In those sparse architectures, less weights are usually fetched than activations because only non-zero weights are necessary. For ease of discussion, however, the weight fetching group is defined to include all the zero and non-zero weights corresponding to an activation fetching group. If the number of non-zero weights in a weight fetching group is larger than N mul , the weights are fetched and processed through several cycles with the same activation group. In Fig. 5 , one more cycle is required to process the third non-zero weight. If the number of non-zero weights for a weight fetching group is N non−zero , it takes N non−zero /N mul cycles for a PE to process the activation and weight fetching group.
Other PE structures have been used in some sparse architectures, too. EIE [34] and ESE [35] are sparse architectures for sparse fully-connected layers. To exploit the irregular pattern of sparse weights, they exploit SWSA structured PEs. ZENA [38] also adopts SWSA structured PEs and skips both of zero-valued activations and weights. SCNN [37] has multiple multipliers in a PE, but exploits a special structure of Cartesian Products. In the structure, all of the fetched nonzero activations are multiplied with all of the fetched nonzero weights. The multiplication results are delivered to proper output accumulators.
E. Previous Pruning Scheme and Accelerator Architecture
The previous unstructured pruning schemes like [19] could reach high pruning ratio, but they rarely result in pruned networks that fit sparse accelerator architectures well. The main reason is the non-uniform distribution of the non-zero weights left after pruning, especially the number of non-zero weights, N non−zero , for each weight fetching group.
This non-uniform distribution can cause a mis-alignment between the activations and weights required for multiplications. In an accelerator with MWMA PEs, the multiplier operands should be fetched simultaneously. When N par activations and N mul non-zero weights are fetched from the internal buffers, it is not guaranteed that every fetched weight can find its counterpart in the fetched activations. Another activation fetching group may have to be fetched for the process of the weights.

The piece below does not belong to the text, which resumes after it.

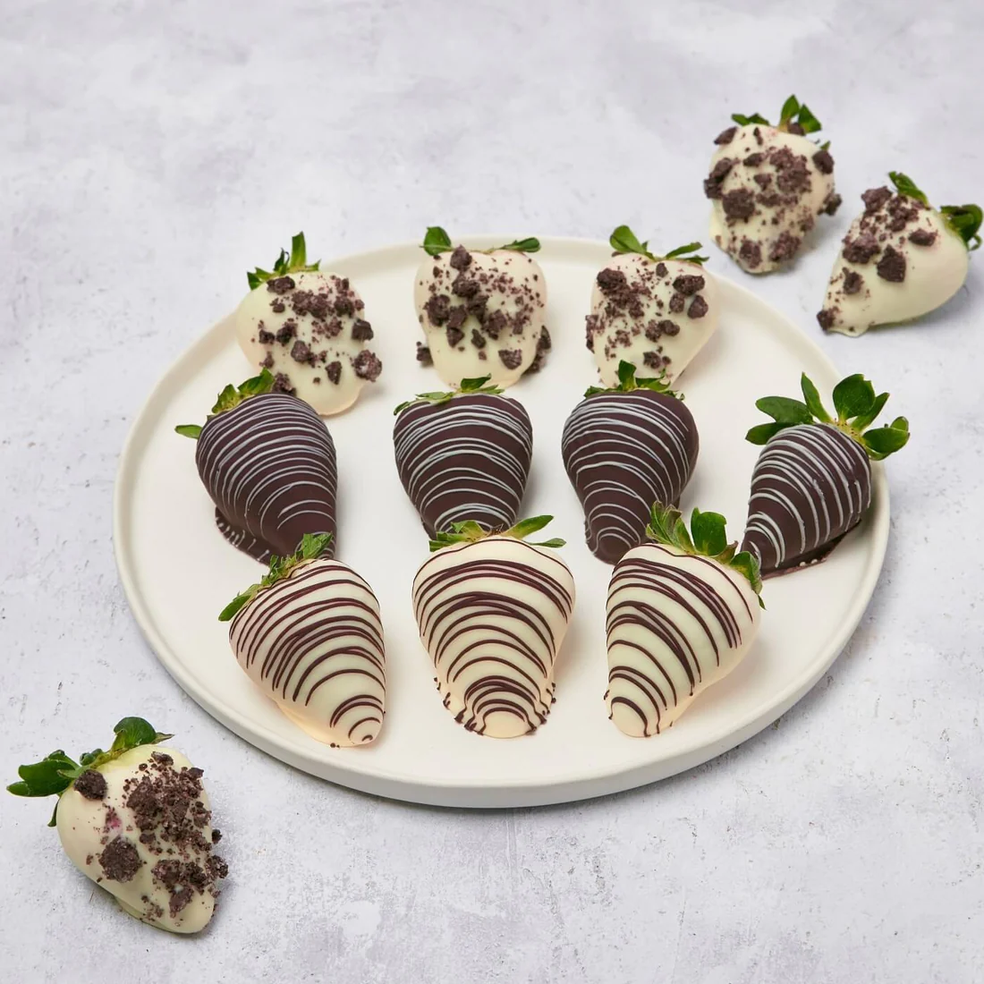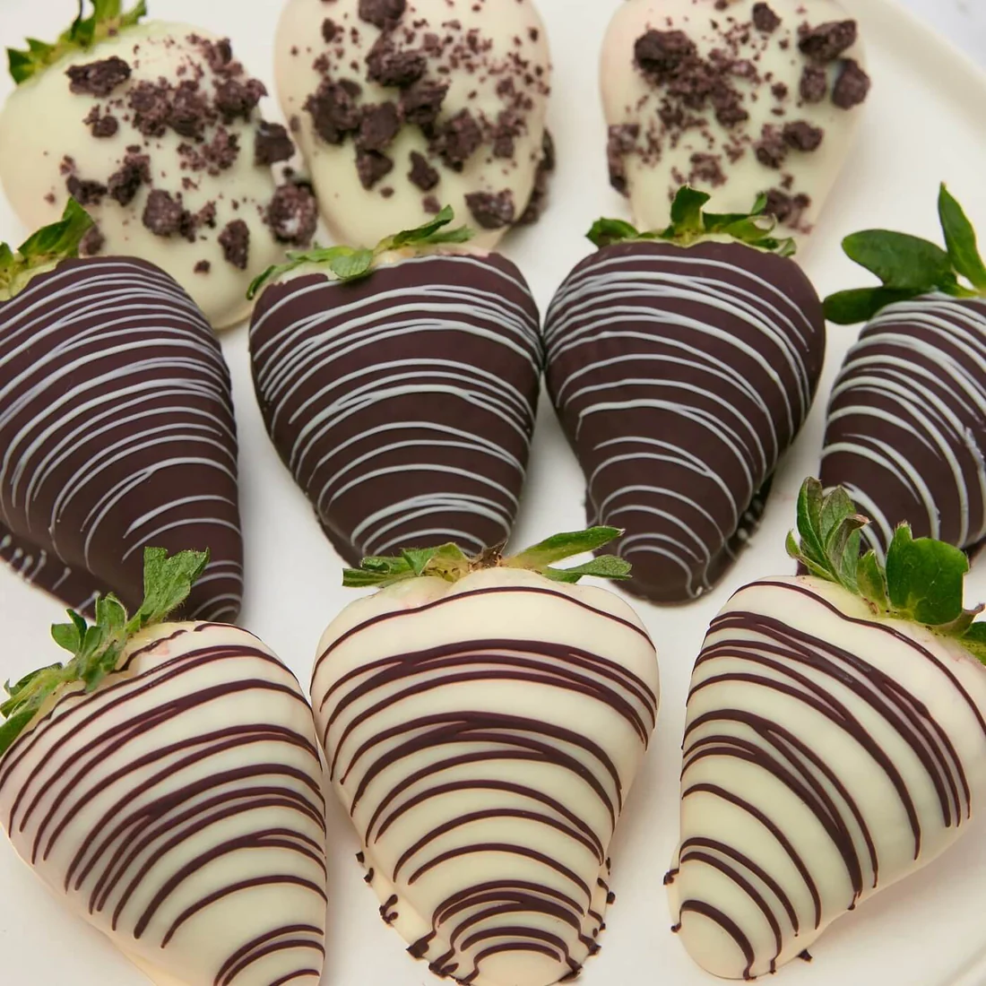 Oreo berries Chocolate dipped berries don’t get yummier than this. Fresh strawberries, hand-dipped in creamy milk and white chocolate, decorated with Oreo pieces. It’s a treat for the taste buds they won’t forget!

To solve this mis-alignment problem, Cambricon-X introduces the padding-zero scheme, where padding-zeros are inserted so that the number of non-zero weights and paddingzeros for each activation fetching group is always a multiple of N mul , 16. The padding zeros, however, not only waste the internal weight buffer but also cause another inefficiency. The number of total padding zeros would be smaller with a larger N par . This seems one of the reasons that Cambricon-X uses a very large N par compared to N mul . For a usual pruning ratio of 75% in convolutional layers [19] , N par = 64 may be enough for N mul = 16, but Cambricon-X uses N par = 256. Due to the large N par , the activation selection part, the IM block, has very wide, 256-to-1, MUXs. Since the number of the MUXs is also large, 16·w 256-to-1 MUXs per PE, these wide MUXs cause a large IM block area, which occupies more than 30% of the total chip area. The large N par also requires a very-wide (256·w bit-width) internal activation buffer. Such a wide memory usually induces a larger area than a squareshaped memory.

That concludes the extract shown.